I think I’ve been tracking the same bug for quite some time (I reported it with a reproducible test case about this time last year). However, the bug I saw wasn’t restricted to Kepler. I could reproduce it on Fermi as well. The bug was introduced by the 3xx-series kernel drivers. (I could reproduce the bug with CUDA 4.0, 3xx drivers, on Fermi.) I’ve noticed that the variable delays are not in recent kernel drivers. HOWEVER, this is because BlockingSync is ignored and the CPU thread spins. I’m glad to hear that a fix is eminent (CUDA 6.0?). It’s interesting that the bug would be fixed by a CUDA release—my experience suggests that the problem lies within the kernel driver. I had hoped that a fix might come in the form of a kernel driver, since these are released more frequently than CUDA.

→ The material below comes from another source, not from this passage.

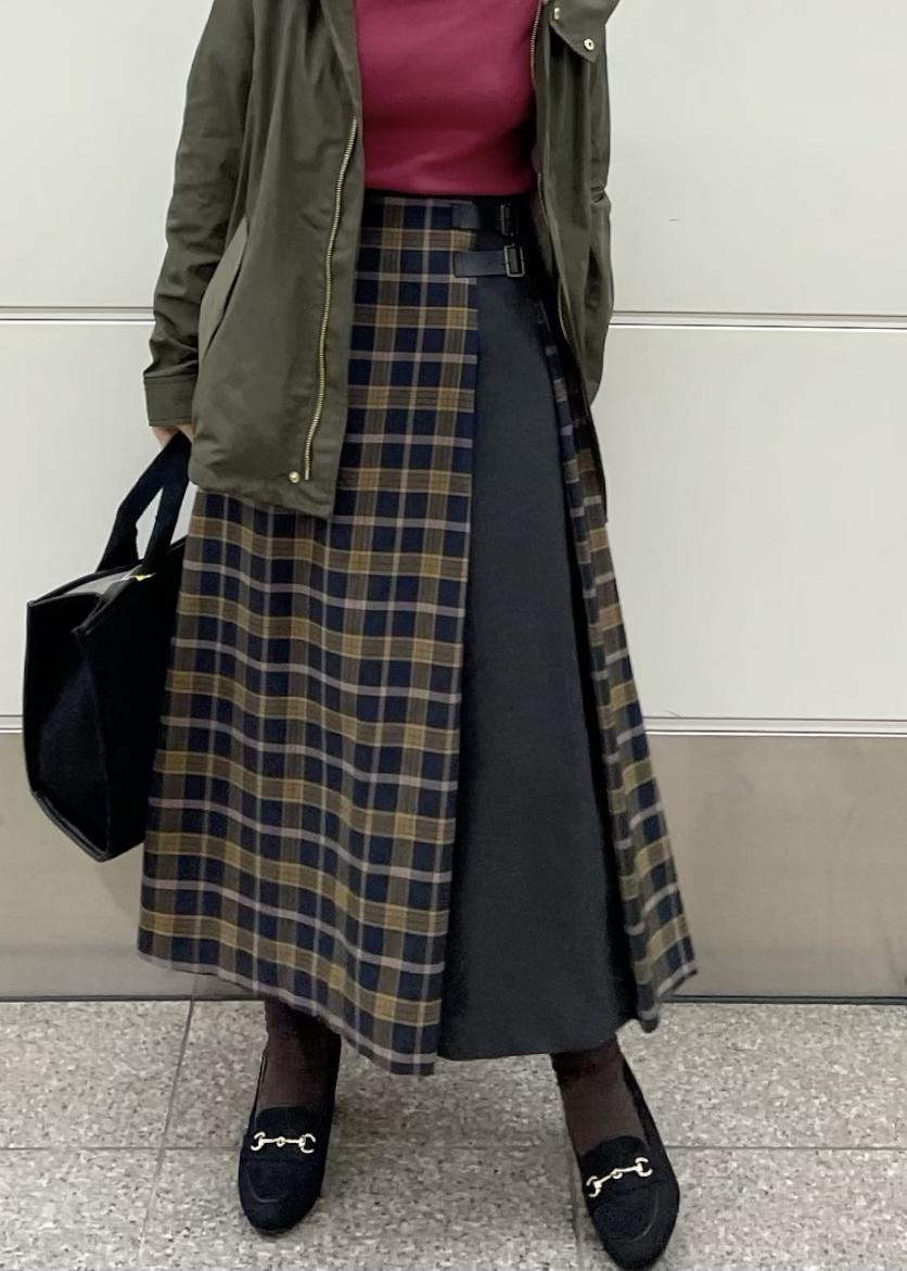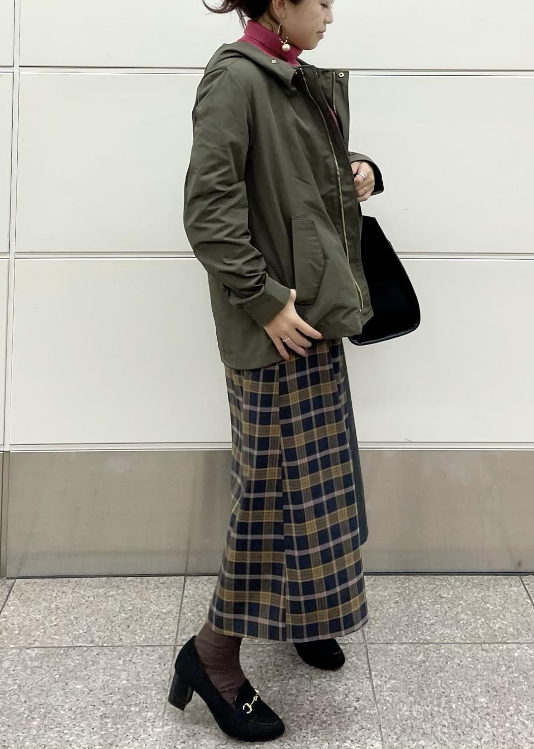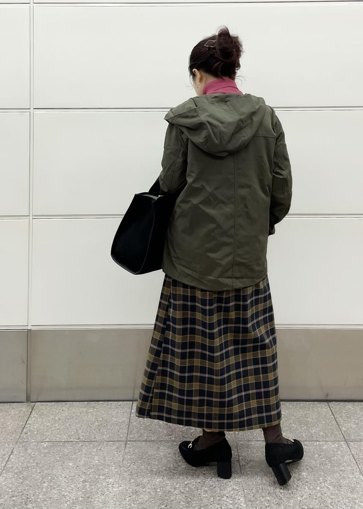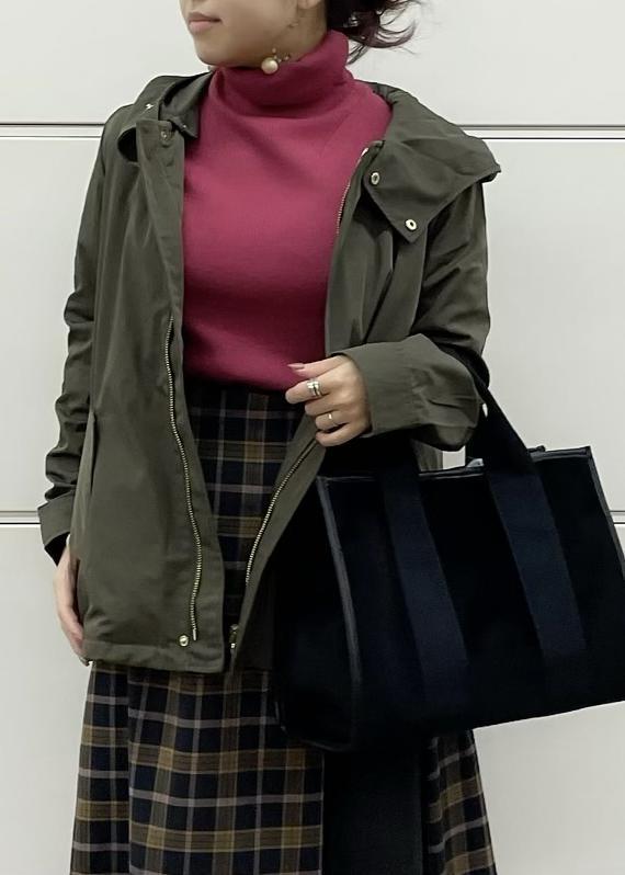ニットとアウターはカラー×カラーですが、カーキは万能なので色合わせに困らずご利用頂けます♪

caduc3us: If you’re using a Fermi GPU, try downgrading to a 27x or 29x kernel driver. You may have to reinstall CUDA.

Here is the test case that I had submitted:

#include <cuda.h>
#include <cassert>
#include <cstdio>
#include <time.h>
#include <unistd.h>

#define NITER 8

__global__ void SimpleKernel(double *x, double y)
{
    double arg = y;
    for (int k = 0; k < 10000; ++k)
    {
        arg = sin(arg);
    }
    *x = arg;
}

double ElapsedTimeMs(struct timespec initTime)
{
    struct timespec t;
    assert(clock_gettime(CLOCK_REALTIME, &t) == 0);
    double diff_ms = (1000.0 * t.tv_sec + 1.0e-6 * t.tv_nsec) -
        (1000.0 * initTime.tv_sec + 1.0e-6 * initTime.tv_nsec);
    return diff_ms;
}

int main(int argc, char **argv)
{
    double *dev_x, *x;
    cudaStream_t stream;

    assert(cudaSetDeviceFlags(cudaDeviceScheduleBlockingSync) == cudaSuccess);

    struct timespec initTime;
    assert(clock_gettime(CLOCK_REALTIME, &initTime) == 0);

    assert(cudaStreamCreate(&stream) == cudaSuccess);
    assert(cudaMalloc((void **) &dev_x, NITER*sizeof(double)) == cudaSuccess);
    assert(cudaMemset(dev_x, 0, sizeof(double)*NITER) == cudaSuccess);
    assert(cudaDeviceSynchronize() == cudaSuccess);

    x = new double[NITER];
    memset(x, 0, sizeof(double)*NITER);

    printf("Synchronizing between the kernel and async memcpy:\n");
    for (int k = 0; k < NITER; ++k)
    {
        double start = ElapsedTimeMs(initTime);
        SimpleKernel<<<1,1,0,stream>>>(dev_x+k,42);
        assert(cudaStreamSynchronize(stream) == cudaSuccess);
        assert(cudaMemcpyAsync(
            x+k, dev_x+k, sizeof(double), cudaMemcpyDeviceToHost, stream) == cudaSuccess);
        assert(cudaStreamSynchronize(stream) == cudaSuccess);
        double elapsed = ElapsedTimeMs(initTime)-start;
        printf("Iteration %d time: %.2f ms\n", k, elapsed);
    }
    printf("\nNot synchronizing between the kernel and async memcpy:\n");
    for (int k = 0; k < NITER; ++k)
    {
        double start = ElapsedTimeMs(initTime);
        SimpleKernel<<<1,1,0,stream>>>(dev_x+k,42);
        assert(cudaMemcpyAsync(
            x+k, dev_x+k, sizeof(double), cudaMemcpyDeviceToHost, stream) == cudaSuccess);
        assert(cudaStreamSynchronize(stream) == cudaSuccess);
        double elapsed = ElapsedTimeMs(initTime)-start;
        printf("Iteration %d time: %.2f ms\n", k, elapsed);
    }

    delete [] x;
}

I got consistent run-times on an M2090 (under 5 ms), but on the K20c it would bounce between 6 ms and 100 ms for the non-synchronizing case (and be stable between 6 and 7 ms for the synchronizing case). That was with CUDA 5.0 and driver 310.44. It will reportedly be fixed in the next CUDA release, but I don’t have any additional details on the issue/fix.